The opinion of the court was delivered by: O'neill, J.


Plaintiff Lakesia Trent has sued defendants Test America, Inc. and Aerotek Scientific, LLC alleging race discrimination and retaliation and seeking redress under Title VII of the Civil Rights Act of 1964, 42 U.S.C. § 2000e et seq., the Civil Rights Act of 1866, 42 U.S.C. § 1981, and the Pennsylvania Human Relations Act, 43 Pa. Stat. § 951, et seq. Aerotek moves to dismiss counts I and II of plaintiff's amended complaint as against it. For the reasons that follow, I will grant defendant's motion.

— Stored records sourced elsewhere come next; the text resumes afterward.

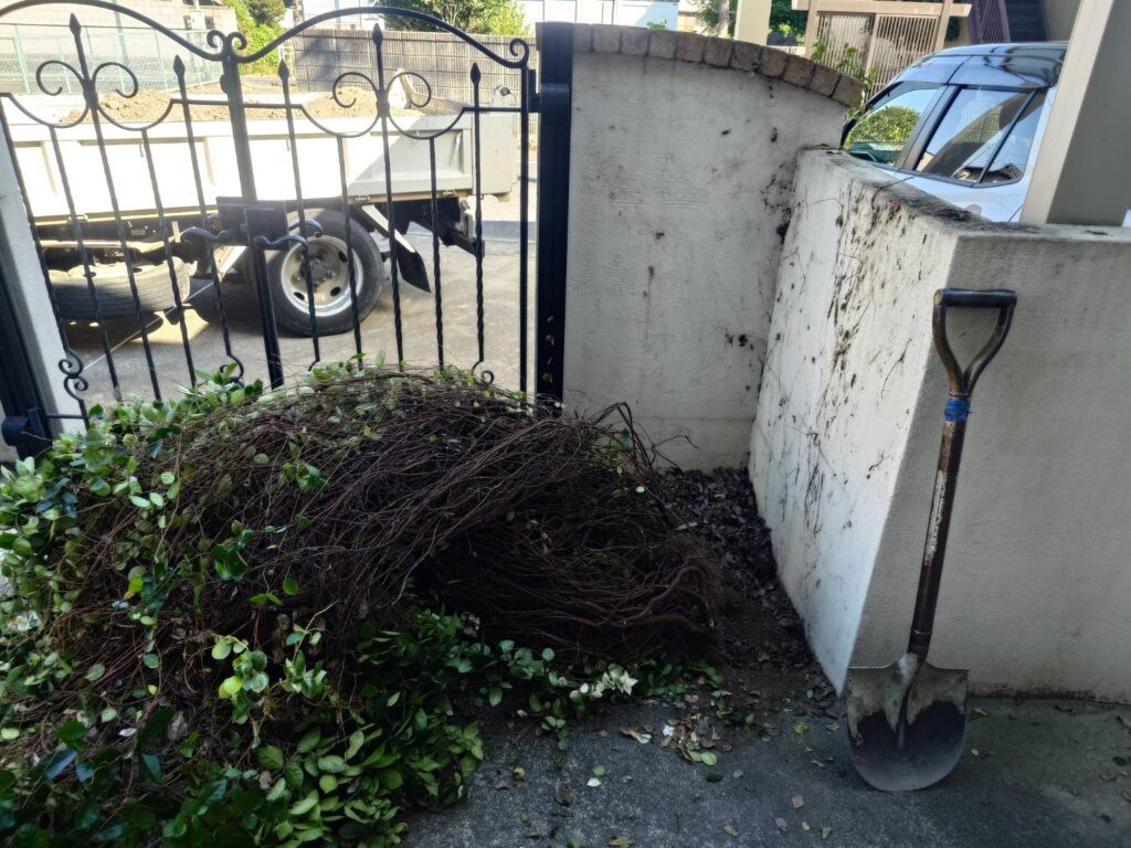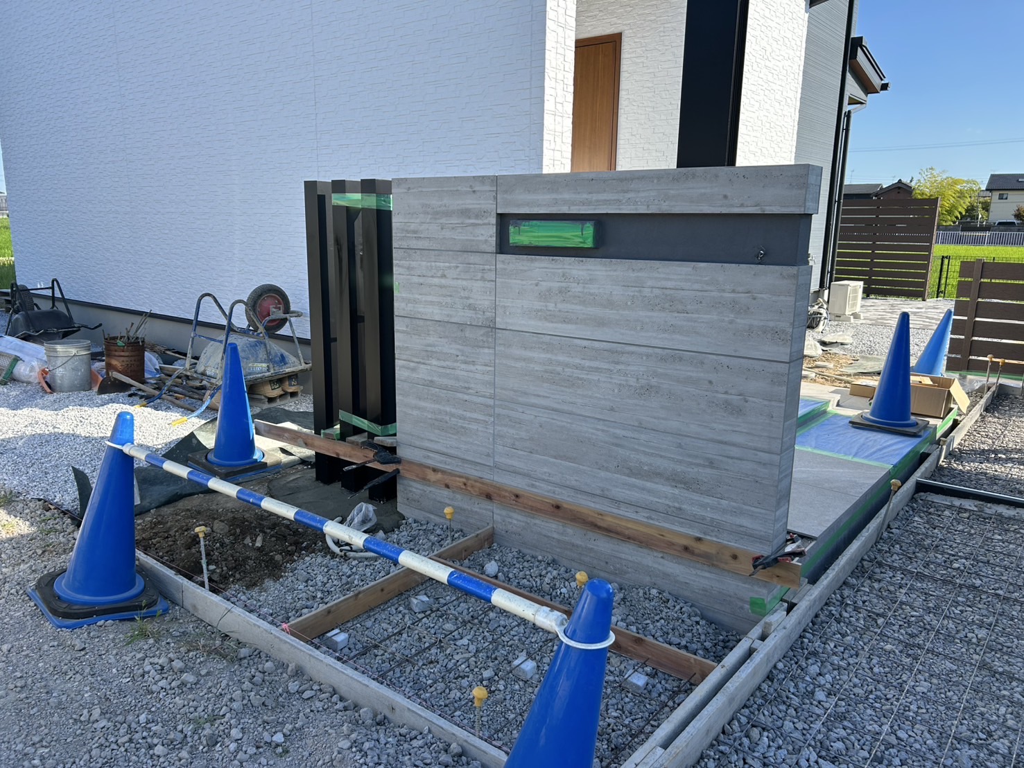 駐車場スペースと門柱前にコンクリート打設します。ただいま打設準備中です。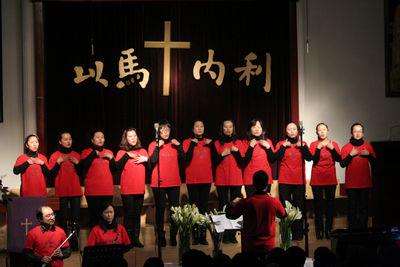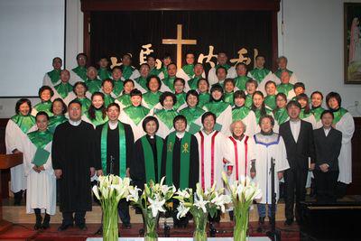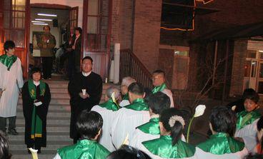 2013年3月31日晚,北京缸瓦市堂全体会众在颂赞歌声中宣告着——基督我主今复生(新编赞美诗107《大启乐园歌》)。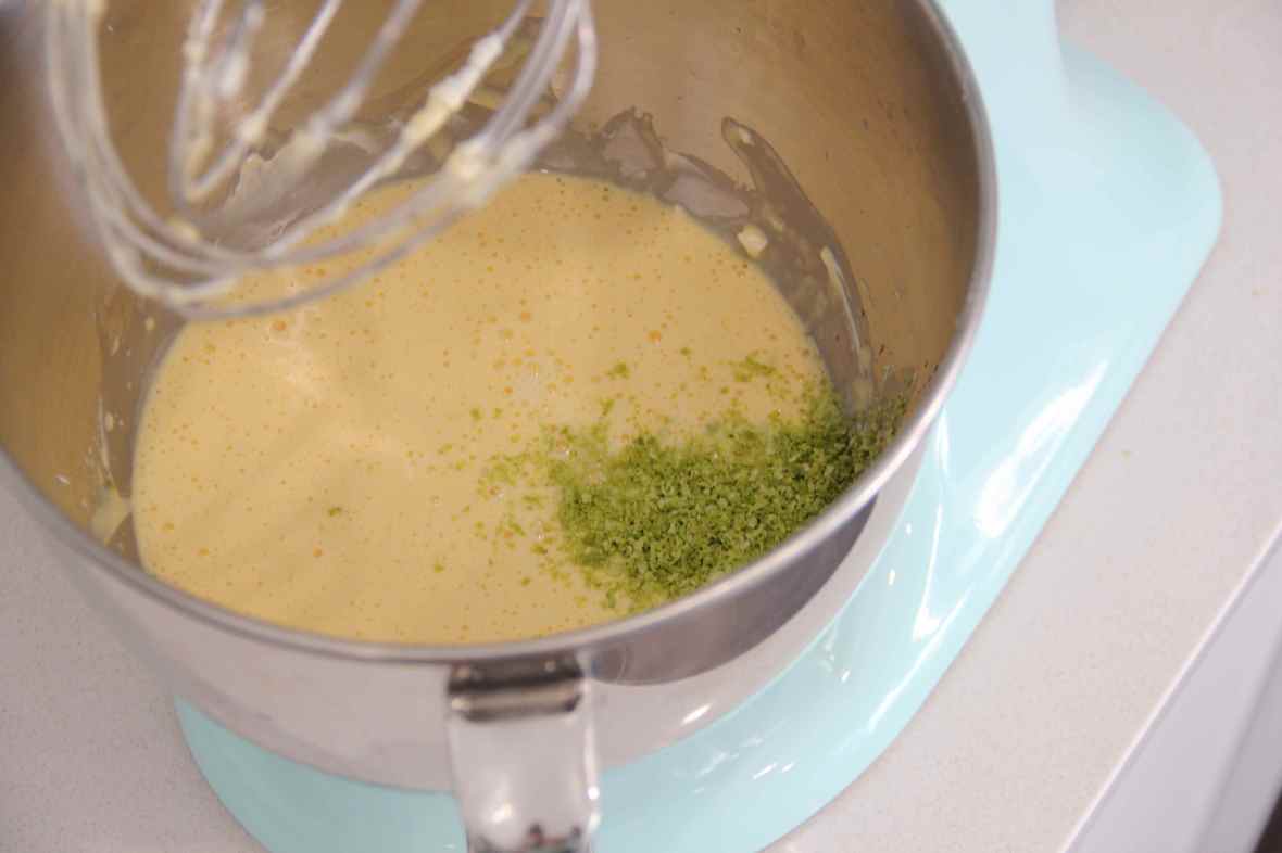 April 15, 2016 IMG_2799 Once the cream cheese is smooth, add in 5 egg yolks and continue to whisk it at high speed. Once the mixture is done, add in the condense milk, lime juice and lime zest.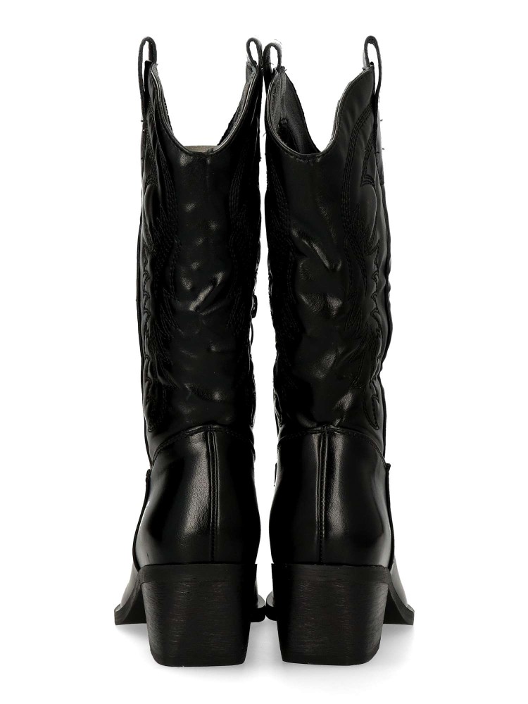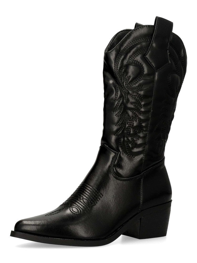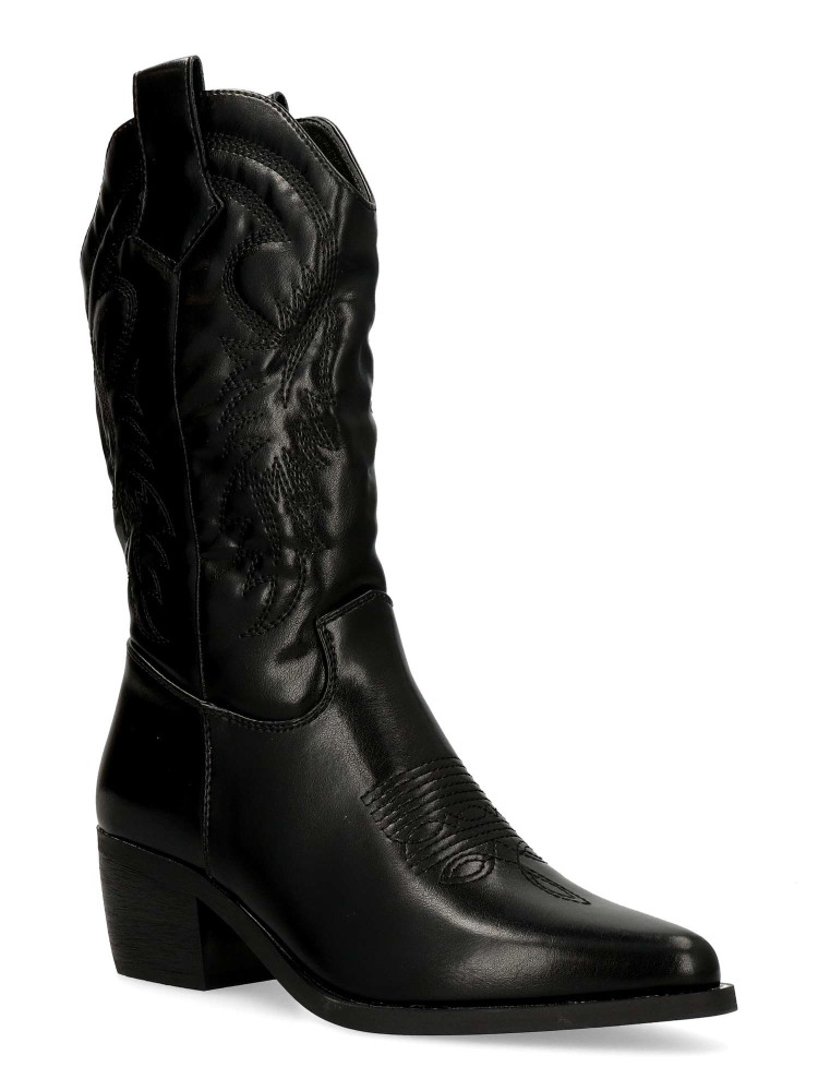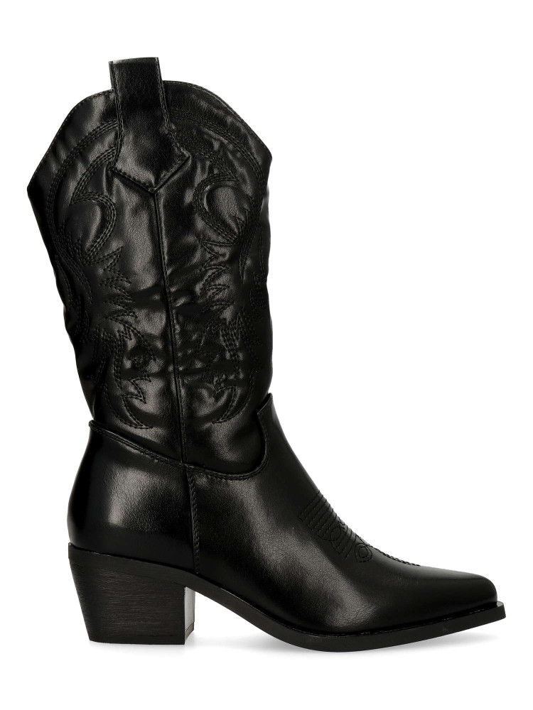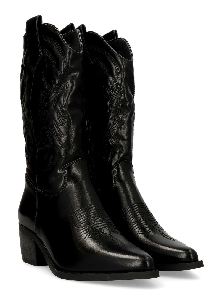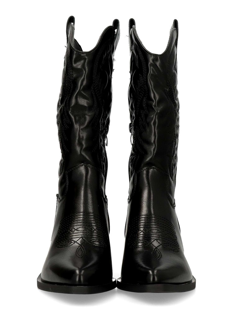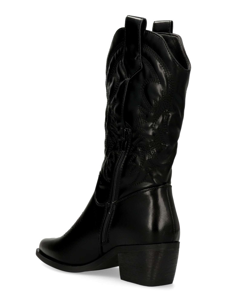 Bota cowboy de mujer, con cierre de cremallera. Fabricado piel sintética. Original bordado en la caña. Color negro. Elegantes, versátiles y siempre en tendencia. Un equilibrio perfecto entre estilo y comodidad para complementar cualquier look.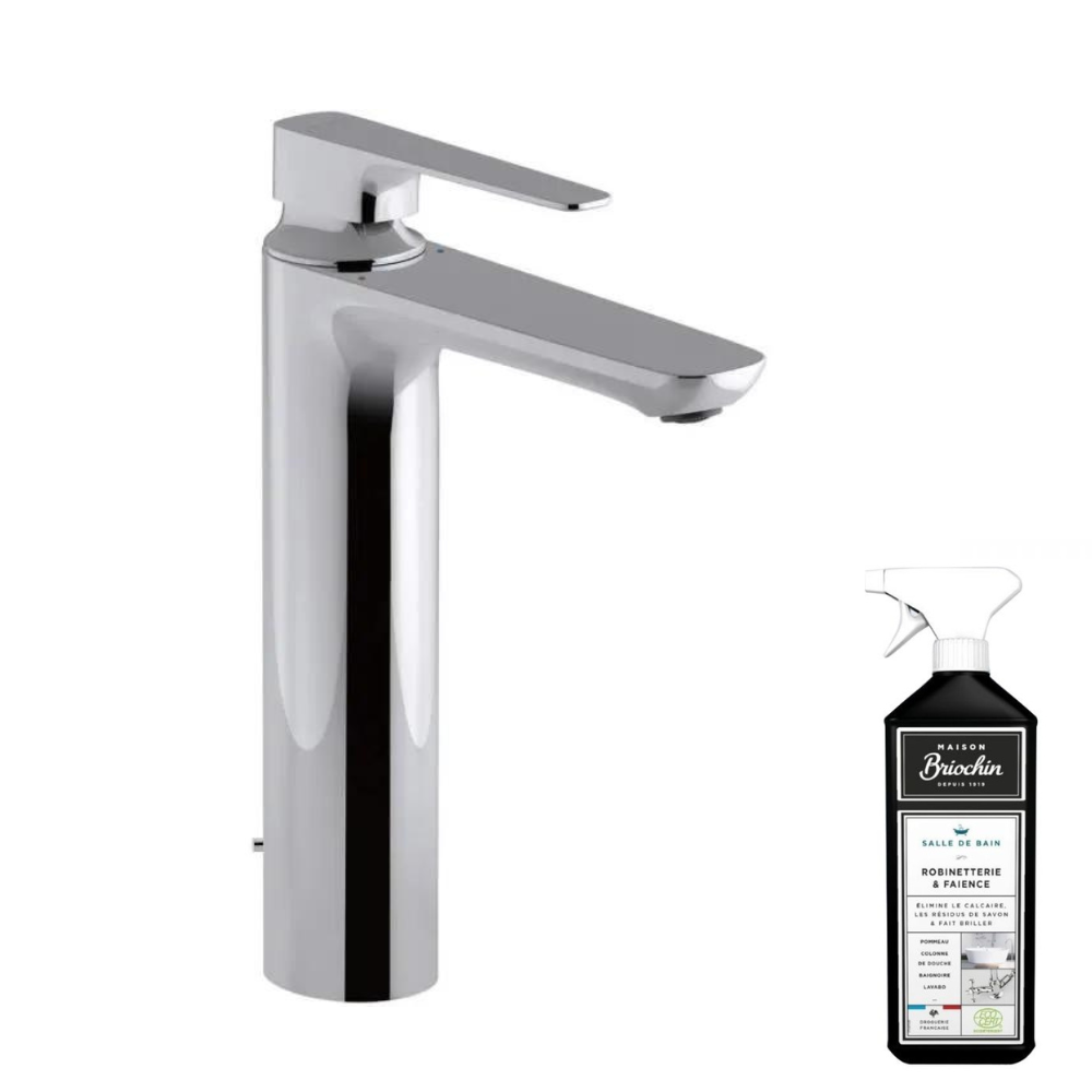 Avantages de votre mitigeur haut Aleo+ avec vidage Design moderne : épuré et contemporain, s’intègre facilement dans divers styles de salle de bains.√âconomie d’eau : débit limité à 5 l/min, réduit les éclaboussures et permet de faire des économies.Anti-calcaire : mousseur con√ßu pour éviter l’accumulation de calcaire, garantissant une performance durable.Système de sécurité : bague-limiteur de température pour prévenir les risques de br√ªlures.Facilité d’installation : vendu avec flexibles d’alimentation, simplifie le processus de mise en place.Garantie : 5 ans pour une tranquillité d’esprit. Caractéristiques techniques de votre votre mitigeur haut Aleo+ avec vidage Type d’installation : robinet monotrou sur plageMécanisme : cartouche à disques céramique pour durabilité et soliditéDébit : 5 l/minAérateur : anti-calcaireVidage : AvecNombre de mitigeurs haut Aléo+ dans le pack : 2Dimensions :Hauteur du robinet : 26,9 cmHauteur sous bec : 21,2 cmProfondeur du bec (saillie) : 15,7 cmFlexibles : inclus Avantages du nettoyant robinetterie & fa√Øence BRIOCHIN 750mL Ecocert Nettoyant 99,9% d’origine naturelle, certifié EcocertParfum pin d’origine naturelleProduit 2 en 1 : peut s’utiliser dans toute la salle de bain pour la robinetterie comme pour la fa√ØenceElimine facilement et rapidement le calcaire, les saletés et autres dépôtsFait briller la salle de bainConditionnement en spray pratique à utiliser

Plaintiff, an African-American female, alleges that she was "hired by the Defendants" in October 2007 as a Gas Chromatography Analyst. Am. Compl. at ¶¶ 22-23. Her amended complaint does not specify which defendant hired her but alleges that "the Defendants jointly employed the Plaintiff." Id. at ¶ 10. Answering plaintiff's amended complaint, Test alleges that plaintiff was employed by Aerotek, not by Test, and that plaintiff worked at Test as a temporary employee. Test Answer at ¶¶ 23-24. Aerotek supplies temporary staffing services on a contract basis to clients and, in its motion to dismiss, confirms that plaintiff is its former employee and that she worked as a lab technician for its client, Test. Aerotek Mot. Mem. at 1 & 1 n.1. In June 2008, plaintiff filed a charge of race discrimination against Test with the Equal Employment

Opportunity Commission. Pl.'s Am. Compl. at ¶ 19(a). On August 27, 2008, plaintiff was terminated. Id. at ¶ 35. Test claimed that plaintiff was terminated due to a slowdown in its workload. Id. Plaintiff claims that she was terminated and "replaced" by a white employee in retaliation for her June 2008 EEOC filing. Id. at ¶¶ 34-36. She filed a second EEOC charge against Test alleging retaliation on April 9, 2009.*fn1 Aerotek Reply to Pl.'s Opp'n at 4. On October 15, 2009, plaintiff dual-filed a third charge with the EEOC and the Pennsylvania Human Relations Commission, this time alleging that Aerotek had discriminated against her. Id. On December 23, 2009, the EEOC issued a right to sue letter with respect to plaintiff's August 27, 2008 and April 9, 2009 charges against Test. Am. Compl. at ¶ 19c. On March 24, 2010, Plaintiff filed a complaint in this action, naming Test as the only defendant. The PHRC issued a right to sue letter with respect to plaintiff's October 15, 2009 charge against Aerotek on or around July 9, 2010. Aerotek Mot. Mem. at 2. On August 2, 2010, plaintiff filed an amended complaint in which she named both Test and Aerotek as defendants. However, Plaintiff's Amended Complaint makes no reference to her October 15, 2009 charge against Aerotek.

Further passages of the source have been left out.